Thank you for contacting my office to express your opposition to HR 503, the Unborn Victims of Violence Act. I appreciate hearing from you about this important matter.

Due to the passing of a close friend, I was unable to be in Washington for this vote, but before the bill reached the floor of the House, I knew that the margin was too wide for my vote to affect the outcome. I submitted an explanation in the Congressional Record to record both my opposition to HR 503 and my support for the alternative, the Motherhood Protection Act. My position and passion on this issue is a matter of record. In the last Congress, I voted against a bill that was identical to HR 503.

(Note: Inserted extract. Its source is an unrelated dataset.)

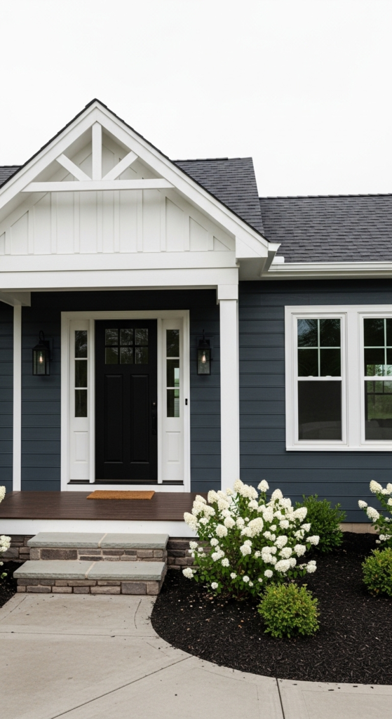 A pop of navy on light grey siding — quietly bold and effortlessly polished.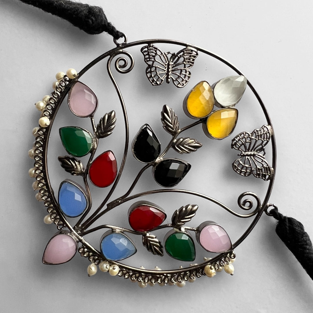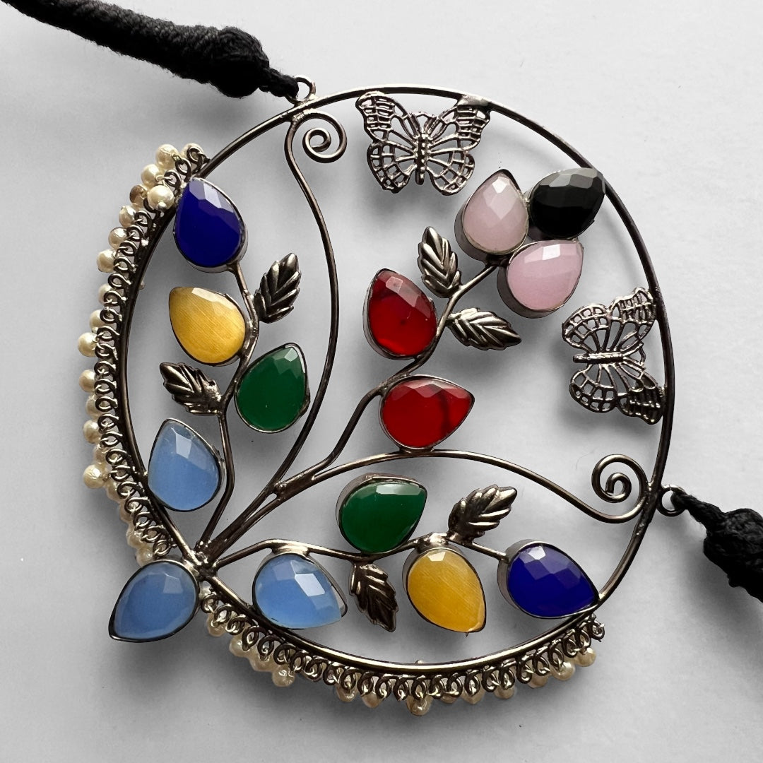 VIRANA SEMI HANDMADE RAW AND RUSTIC CHOKER/NECKPIECE/NECKLACE WITH EARRINGS CH51

As you may know, HR 503 would change existing federal law to create a separate offense for an assault that causes harm or death to an “unborn child” in utero, which, as the bill defines it, may include a two-cell fertilized egg. Unfortunately, the bill conveys a new legal protection on the “unborn child” without addressing the crime against the expectant mother.

We are in complete agreement on this issue. I strongly opposed HR 503 and supported the Motherhood Protection Act, which recognized the pregnant woman as the primary victim of an assault that causes the termination of her pregnancy. It would create a separate federal offense for such a crime and increases the penalty for her assailant.

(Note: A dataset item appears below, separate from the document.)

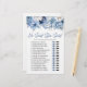 Blue Floral He Said She Said Bridal Shower Game Stationery
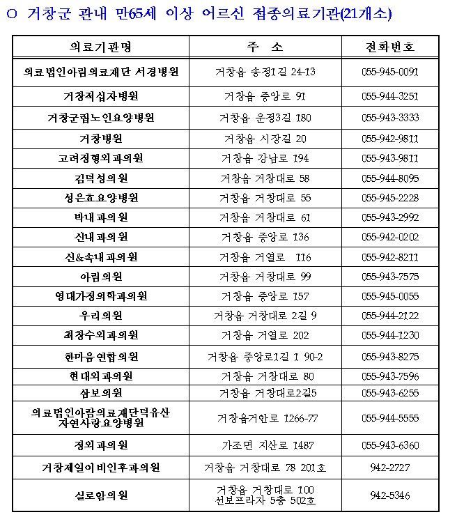 (거창/김은경) = 거창군은 2018년 내달 2일부터 만65세 이상(1953.12.31이전 출생자) 어르신을 대상으로 인플루엔자 무료 예방접종을 실시할 계획이다. (단, 주소지가 타지역인 만65세 ∼ 74세 주민은 내달 11일부터 접종 가능)

I believe that every woman, in consultation with her family physician and her conscience, has the right to reproductive choice without government interference. Our policy objective should be to make abortion less necessary and more rare, not more difficult, dangerous and intimidating to women. To this end I have been a strong supporter of reproductive choice, as well as domestic and international family planning programs.

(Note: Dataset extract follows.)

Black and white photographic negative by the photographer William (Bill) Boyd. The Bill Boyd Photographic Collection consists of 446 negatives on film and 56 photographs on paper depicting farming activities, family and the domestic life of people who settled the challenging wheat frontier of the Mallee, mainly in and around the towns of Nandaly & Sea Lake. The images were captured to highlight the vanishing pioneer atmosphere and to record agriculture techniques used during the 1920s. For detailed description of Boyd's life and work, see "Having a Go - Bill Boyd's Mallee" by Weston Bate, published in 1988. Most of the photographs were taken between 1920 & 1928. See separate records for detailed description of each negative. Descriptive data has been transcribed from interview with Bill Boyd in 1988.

Unfortunately, HR 503 passed in the House by a vote of 252-172. You can be assured, though, that I will continue to support family planning programs because they have a long record of success in preventing unwanted pregnancies, reducing the number of abortions, and improving women’s health. I will continue to support a broad range of women’s health programs, including complete reproductive freedom.

Again, thank you for contacting my office. Please keep in touch.